Tirzepatide confers renal protection in patients with T2D

05 Oct 2022 byElaine Soliven
Tirzepatide confers renal protection in patients with T2D

Once-weekly injection of tirzepatide, a dual GIP and GLP-1 receptor antagonist, slowed eGFR* decline and reduced UACR** in patients with type 2 diabetes (T2D) who are at high risk of cardiovascular (CV) disease compared with once-daily insulin glargine (iGlar), according to a prespecified post hoc analysis of the SURPASS-4*** trial presented at EASD 2022.

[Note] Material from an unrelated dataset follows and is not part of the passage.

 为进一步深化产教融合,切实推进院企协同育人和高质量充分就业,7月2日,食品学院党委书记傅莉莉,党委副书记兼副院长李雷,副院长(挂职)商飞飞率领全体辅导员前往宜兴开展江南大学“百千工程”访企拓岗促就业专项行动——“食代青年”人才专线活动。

“People with T2D at high CV risk frequently have chronic kidney disease and are at risk for deterioration of kidney function and related complications … In this kidney-specific exploratory analysis, … [our] findings suggest that tirzepatide has kidney-protective effects [in this patient population],” said Professor Hiddo Heerspink from the Department of Clinical Pharmacy and Pharmacology at University Medical Center Groningen in Groningen, Netherlands.

This open-label, phase III trial involved 1,995 adults (mean age 63.6 years, 62.0 percent male) with T2D (mean HbA1c 8.52 percent) who were treated with any combination of metformin, sulfonylurea, or SGLT2+ inhibitor. Baseline mean eGFR was 81.3 mL/min/1.73 m2 and median UACR was 15.0 mg/g. Participants were randomly assigned to receive either subcutaneous injection of tirzepatide at a dose of 5, 10, or 15 mg once weekly (n=995) or titrated iGlar 100 U/mL once daily (n=1,000) for up to 104 weeks. Twenty-eight percent of participants had microalbuminuria (UACR 30–300 mg/g) and 8 percent had macroalbuminuria (UACR >300 mg/g) in each group. [EASD 2022, abstract 167; Lancet Diabetes Endocrinol 2022:doi:10.1016/S2213-8587(22)00243-1]

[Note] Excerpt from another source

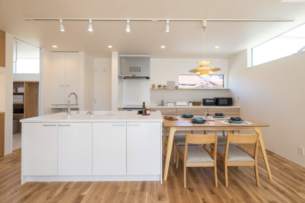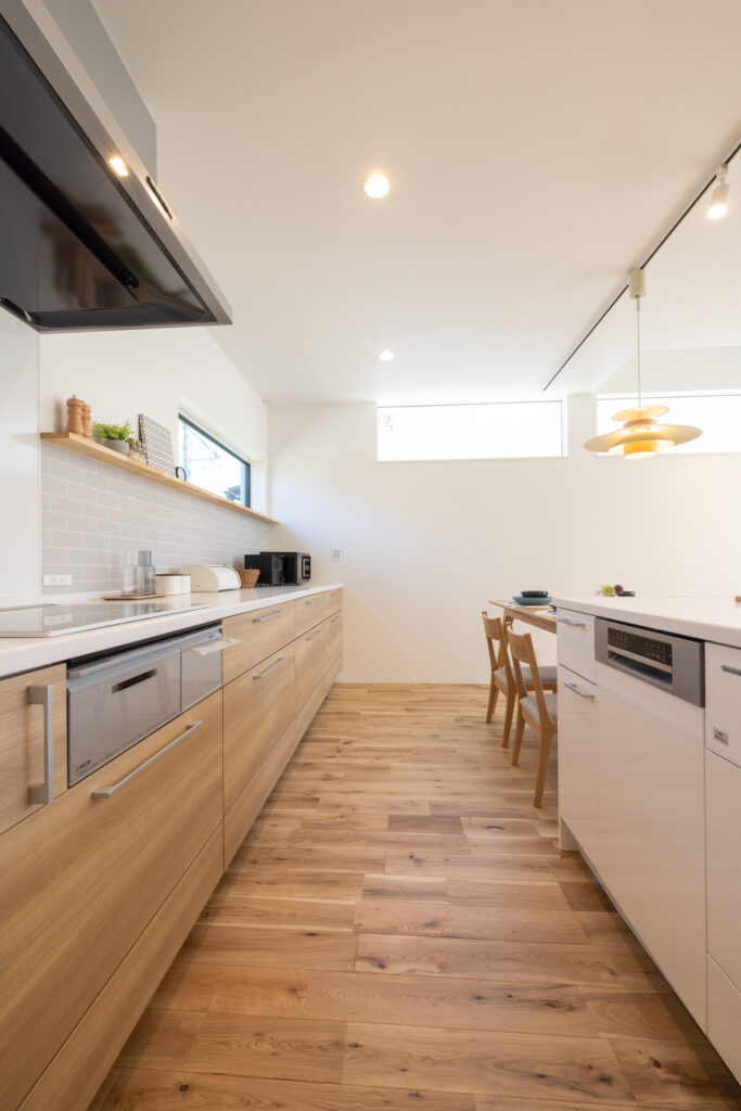 玄関から2WAYでアクセスできるシューズクロークとクローゼットは、洗面・脱衣との行き来のしやすい家事動線を考える家に。

At week 104, annual eGFR decline was slower among participants receiving tirzepatide than those receiving iGlar (mean, -1.4 vs -3.6 mL/min/1.73 m2 per year), yielding a between-group difference of 2.2 mL/min/1.73 m2 per year.

The reduction in eGFR decline per year was even more pronounced among tirzepatide-treated patients with an eGFR of <60 vs ≥60 mL/min/1.73 m2 (mean, 0.5 vs -1.4 mL/min/1.73 m2).

UACR among tirzepatide recipients dropped from baseline to week 104 (mean percentage change, -4.4 percent), whereas those on iGlar had an increase of 56.7 percent (between-group difference, -39.0 percent; p<0.0001).

The advantage of tirzepatide over iGlar remained regardless of SGLT2 inhibitor use (mean, -1.2 vs -3.2 mL/min/1.73 m2 [reduction in eGFR decline] and -7.9 percent vs 55.2 percent [percentage change in UACR]) or nonuse (mean, -1.5 vs -3.8 mL/min/1.73 m2 and -10.4 percent vs 26.6 percent, respectively) at baseline.

“[This] is clinically important, as SGLT2 inhibitors are recommended by clinical practice guidelines and are part of the standard of care for kidney protection in addition to renin-angiotensin system inhibition,” said the researchers.

Furthermore, the incidence of the composite kidney endpoint (new-onset of macroalbuminuria, ≥40 percent decline in eGFR, end-stage kidney disease, or renal death) was significantly lower among patients treated with tirzepatide compared with those receiving iGlar (63 vs 104 events; hazard ratio, 0.58; p=0.00075). “[T]his effect appears to be largely driven by a reduction in new-onset macroalbuminuria,” the researchers noted.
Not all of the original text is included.